■前便のつづき。というか、前便の前提をくつがえすような報道。■『読売』から。

柏崎刈羽原発の揺れ、
想定の2.5倍…最大2058ガル

 新潟県中越沖地震で被災した東京電力柏崎刈羽原子力発電所内のほとんどの建物で、設計時の最大想定値を大きく上回る揺れを観測したことが30日、東電が発表した解析結果で分かった。

 3号機のタービン建屋では、最大加速度2058ガルという最大級の揺れを記録していた。稼働再開に向け、想定の上方修正を迫られるのは必至だ。

 柏崎刈羽原発の建物や敷地内には97台の地震計が設置されている。東電によると、最大680ガルを記録した原子炉本体のある原子炉建屋だけでなく、ほとんどの建物での揺れが、想定を上回った。3号機タービン建屋1階で観測された東西方向の2058ガルは、想定値(834ガル)の約2・5倍。東電は「原発でこれほどの揺れが観測されたのは、恐らく初めて」という。
 新型の地震計33台では、地震波の波形データも得られた。これに基づき、各原子炉建屋での揺れを詳細に解析したところ、建屋内の機器などほとんどすべての構造物の揺れが、想定を上回ったことも判明した。1?4号機建屋の方が、5?7号機に比べ、揺れが大きかったことも分かった。

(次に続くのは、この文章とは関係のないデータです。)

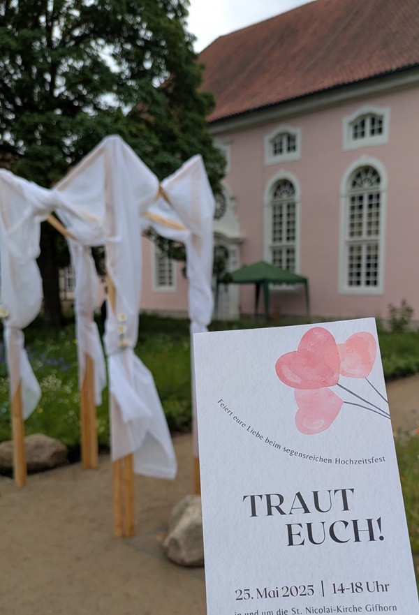 Es war einfach wundervoll! Rund um die St. Nicolaikirche in Gifhorn fanden spontane und angemeldete Trauungen und Segnungen statt. An den fest vereinbarten Terminen und auch spontan kamen junge und ältere Paare, mit und ohne Gäste … es war bunt gemischt. Trotz des Regenwetters waren die Momente, die wir erleben durften, durchweg berührend. Einige Trauungen und Segnungen fanden in der Kirche statt, andere draußen zwischen den Blumen im Kirchgarten unter einem Pavillon.
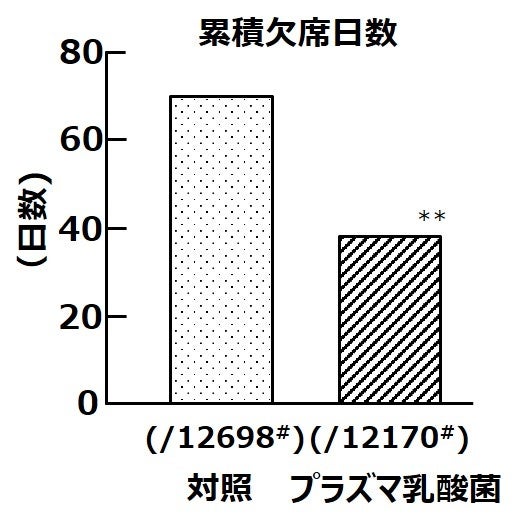 プラズマ乳酸菌を摂取していたグループで、累積欠席日数が有意に低下したことを確認しました。
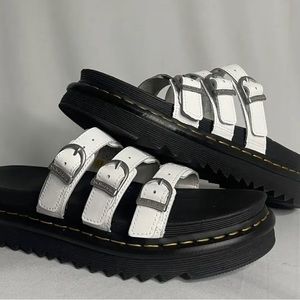 Dr Martens Blaire Slide Womens White 3 Strap Buckle Platform Sandals
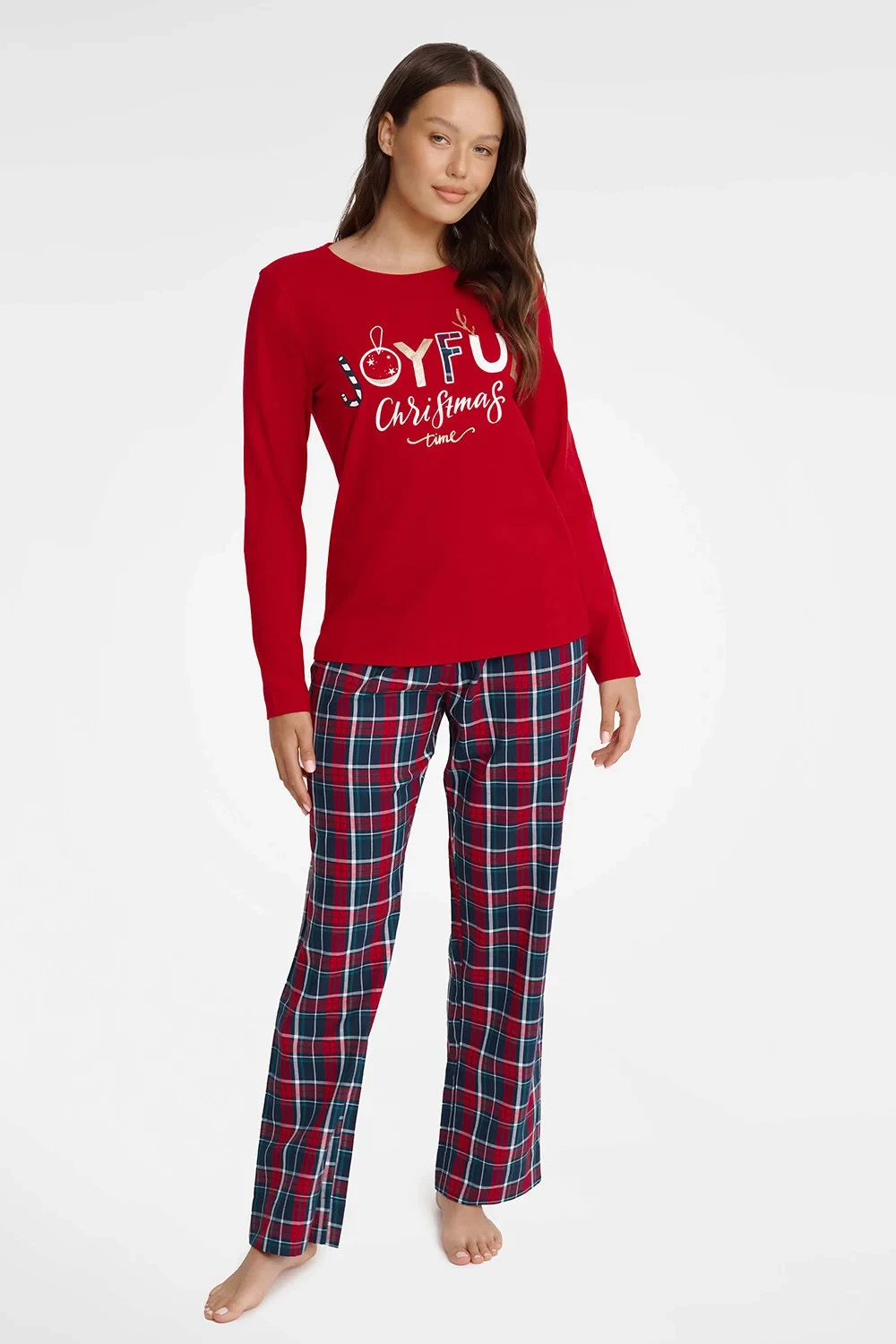 Dámské pyžamo Glance je jedinečné noční oblečení, které vás svátečně naladí, jakmile si ho obléknete. Módní souprava se skládá z červené halenky s dlouhými rukávy a pohodlných kostkovaných kalhot. Tričko navíc zdobí velký nápis Joyful Christmas time. Dámské dvoudílné pyžamo Glance je vyrobeno z měkké bavlny, takže vás jemně obepne a poskytne vám pohodlí během dlouhých zimních večerů.
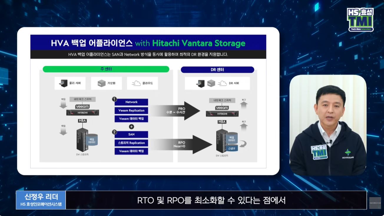 최근 HS효성인포메이션시스템과 빔(Veeam) 코리아는 통합 백업 어플라이언스 HVA(Hitachi Veeam Appliance)를 출시하며 차세대 엔터프라이즈 데이터 백업 시장에 출사표를 던졌다. 양사는 세일즈와 마케팅 협업 등 긴밀한 협력 관계를 유지하는 한편, Veeam 본사 차원에서 히타치 밴타라 스토리지와 관련한 플러그인 개발, 성능 테스트 등을 꾸준히 진행하고 있다.
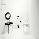 Det unikke skjulte afløb bidrager til det enkle look. Vasken kan monteres på væggen eller kombineres med et underskab fra Kartell Laufen-serien.
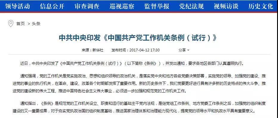 要回答这个问题,还得先从2017年3月1日施行的《中国共产党工作机关条例(试行)》里找答案。
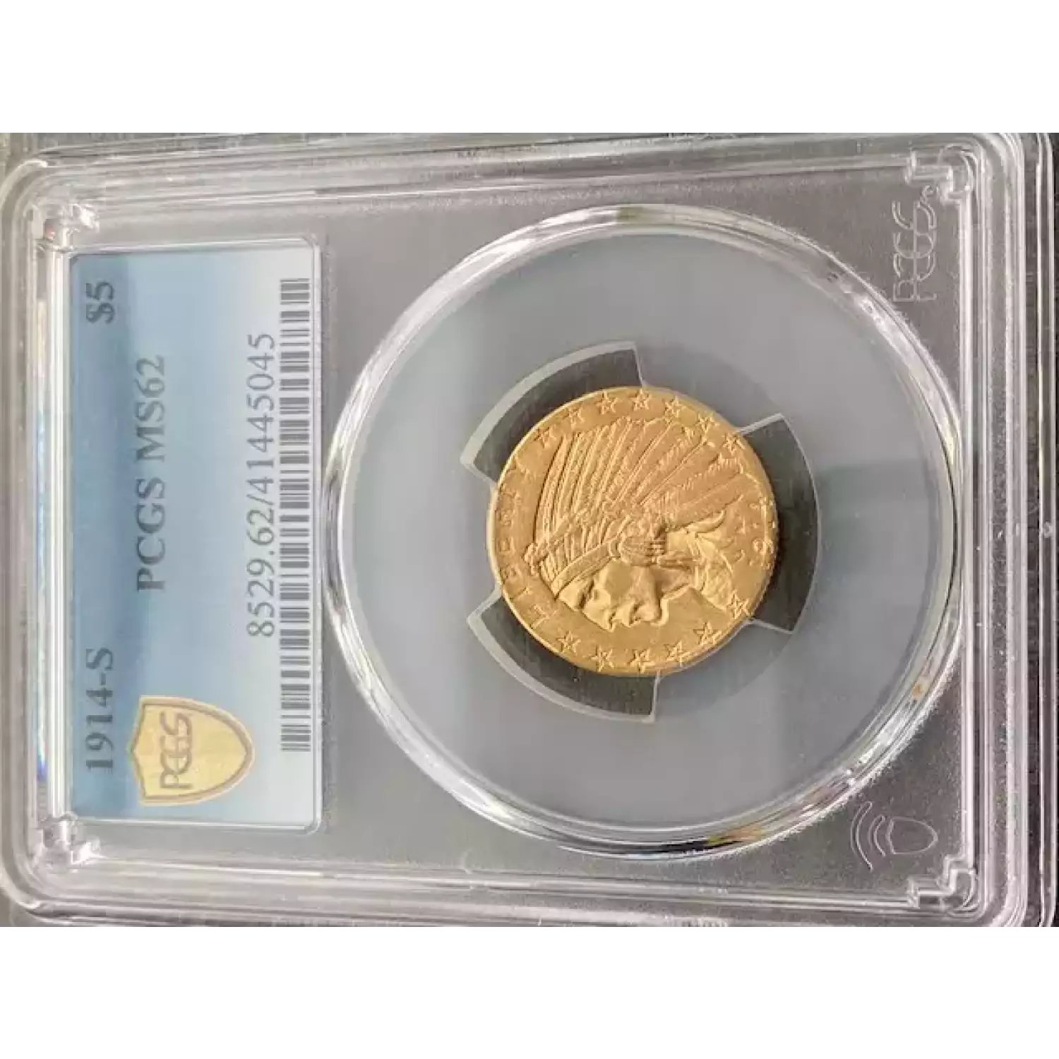 517166 | 1914-S Gold Half Eagles $5 Indian Head PCGS MS-62 | PCGS | MS-62 | Sold: 10/03/2023 | $6,000 |

 原子炉の圧力容器や、緊急炉心冷却装置などの最重要機器は、設計強度に余裕を持たせてあるため、想定を上回る揺れがあっても、ただちに破損するわけではない。また、分析の結果、強い揺れをもたらした地震波が、1?7号機とも、周期0・5?1秒の間に集中しており、原子炉が共振しやすい周期はもっと短いため、大きな被害が避けられた可能性もある。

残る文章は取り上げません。